March 14, 2013 - 8:24 am UTC
but you see that you are a very very very special case, different from pretty much everyone else and that such a micro optimization - which would penalize everyone else (having to "index" redo logs) - wouldn't make sense in general.
the cost of having to read those files is going to be less than maintaining a database of precisely what is recorded in each redo log file over time.
any and all log based replication mechanisms - from Oracle, from 3rd parties, will have to process the redo stream as a continuous thing - that is the only way to read redo and make sense of it. redo is like a story of the database.
tell you what - why don't you just take the inputs and the process you run on database 1 and run *the same exact thing* on database 2? Why bother with replication at all?
Or, since the data is read only most of the time, do your bulk load, make the tablespace read only and transport it.
eg: don't do replication (again, I come back to this!)
Combination of Rman/Transportable Tablespace
A reader, March 14, 2013 - 3:54 pm UTC
I can't beleive the amount of passion you have for Oracle Database.
1. We can't do Transportable Tablespace as Data needs to be refreshed every 1/2 hour
2. Don't want to have mlogs on Source DB. It is going to burden the Source Database
3. Need to have all the changes that happened in Source DB to Target DB.
4. I am looking for solution which is sleek. Something like this
Initial Setup
Using Transportable Table Tablespace I will have exact copy of Tablespace TS1 on both DB1(Source DB) and DB2 (Target DB).
Scedule RMAN every 1/2 hour whatever block changes that happened on TS1 Datafiles of DB1 are applied on Database DB2.
Then export/import the datadictionary for TS1 from for DB1 to DB2
Is it possible. :)
Advantage in this approach is
1. I am not transferring whole datafile I am tranferring only the blocks that got changed
2. Faster/Quicker
3. No network issues.
What am I missing here? Why this does not work?
Thanks
March 25, 2013 - 9:21 am UTC
I will again state: do not replicate, sounds like a single system to me.

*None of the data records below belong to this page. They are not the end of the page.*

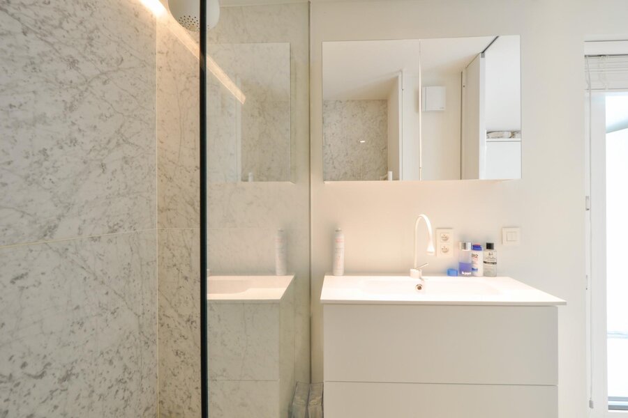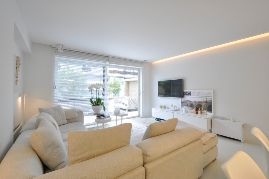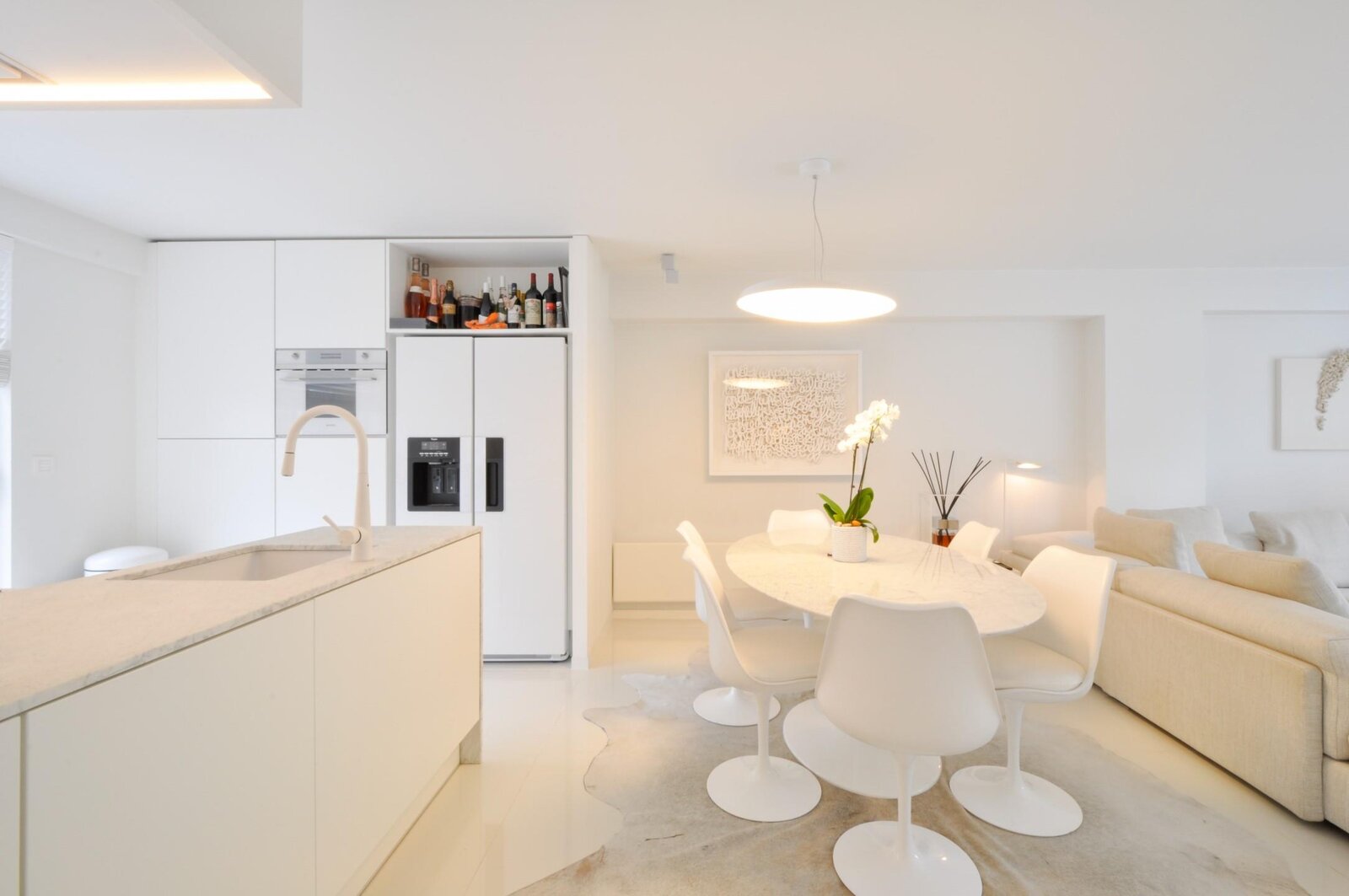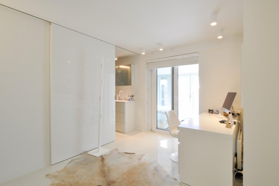 Dit appartement straalt een bijzondere, rustgevende sfeer uit dankzij het gebruik van hoogwaardige materialen, zachte wittinten en een stijlvolle inrichting.
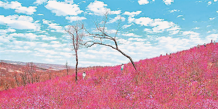 田野、山崗、江邊、林間、石縫……一種專屬紫色和粉色的優(yōu)美悄然而至。日前,黑河市愛輝區(qū)、孫吳縣、遜克縣、五大連池風(fēng)景區(qū)等地相繼迎來一年一度興安杜鵑花綻放的時(shí)節(jié)。在五大連池風(fēng)景區(qū),慕名而來的打卡網(wǎng)紅用拍攝制作短視頻或直播的方式,帶領(lǐng)各地網(wǎng)友一同欣賞景區(qū)的花開盛景,遜克縣還即將為此舉辦賞花節(jié)。
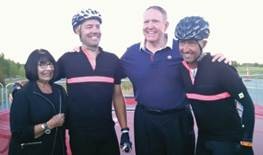 The knowledge his family would be at the finish line got him through the last leg. His 10-year-old son Eliot joined the entourage on his bike for the last 200 yards of the race.
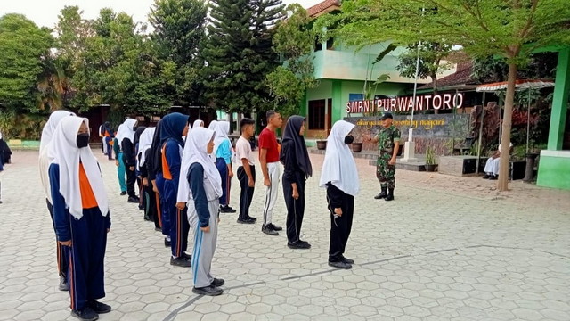 Wonogiri. – Untuk membentuk pribadi yang tegap, tangkas dan disiplin bagi para pelajar, SMP N 1 Purwantoro menggandeng Koramil 19/Purwantoro untuk memberikan pelatihan PBB (Peraturan Baris Berbaris).
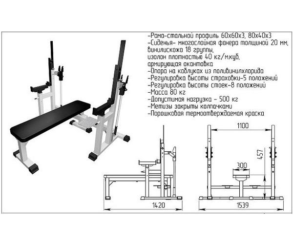 • Конструкция тренажера изготовлена из профиля 60х60х3 мм, 80х40х3 мм
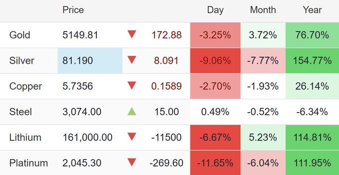 Giá kim loại tiếp tục giảm mạnh hôm nay. 📉 Vàng: 5.149 USD (-3,25%) 📉 Bạc: 81,19 USD (-9,06%) Đây có phải là một đợt điều chỉnh lành mạnh… hay là dấu hiệu của một đợt giảm giá lớn hơn?
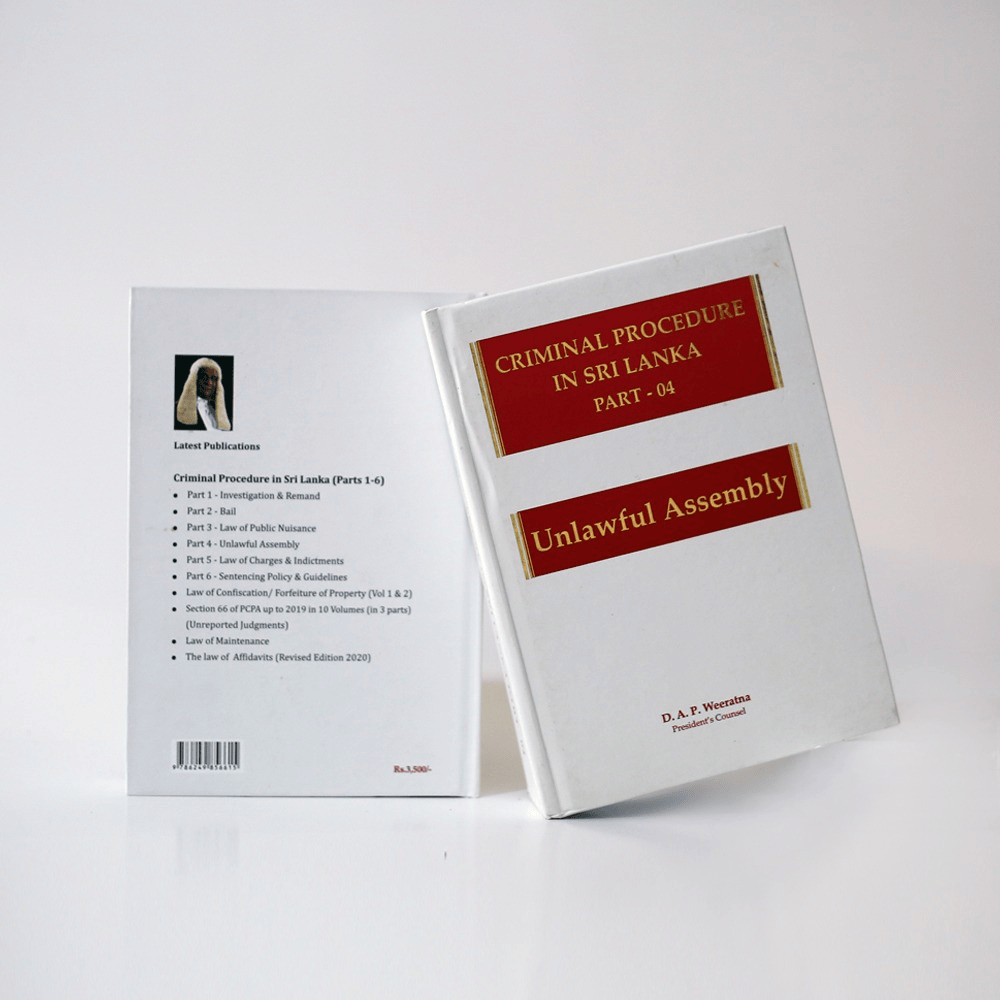 Criminal Procedure in Sri Lanka Part – 04: Unlawful Assembly by D.A.P. Weeratna is an essential resource for understanding the legal framework surrounding the offense of unlawful assembly under Sri Lankan criminal law. This book offers a comprehensive analysis of the concept, legal definitions, and judicial precedents related to unlawful assembly, one of the most significant public order offenses in Sri Lanka.

I don't know who you are or what your specific needs are - you don't tell us very much... but...
You can either;
a) use active data guard, that will allow you to open the failover database read only for queries. You can freely query the data for reports. assuming that was your (unstated) goal.
b) use a logical standby, you will be able to query the data copied from production and add auxillarily structures like indexes/materialized views - and create read write tables that do not exist at production
c) use golden gate, that would allow you to do log based replication fully.
If you use rman, you would take an outage every half hour to apply an half hour of block changes to the system and then recover them - which in itself could take the half hour - and then you'd be able to open READ ONLY. It wouldn't be practical and it would be hugely labor intensive.
3rd part replication option
Wagner Ramos, March 19, 2013 - 10:12 am UTC
Why do not use some 3rd part replication software that can be configured to collect data changes only of these 10 tables ?
I believe that you can find 3 or more sw that can collect data changes with triggers and solve your needs without changing log modes, etc.
The impact in source database will be only in insert/update/delete operations for these 10 tables.
If you have some test environment and would like to try I can help, my solution is not so expensive like a GG.
March 25, 2013 - 3:20 pm UTC
you mean like golden gate. If will only collect data changes for the 10 tables *from the redo*.
hah, triggers - you want to see something run *slower than slow*, go for triggers!!! (and by the way, advanced replication which you already own does that but violates the "do not impact my production site please".)
anything trigger based will definitely, massively and measurably and in so many bad ways affect your production site.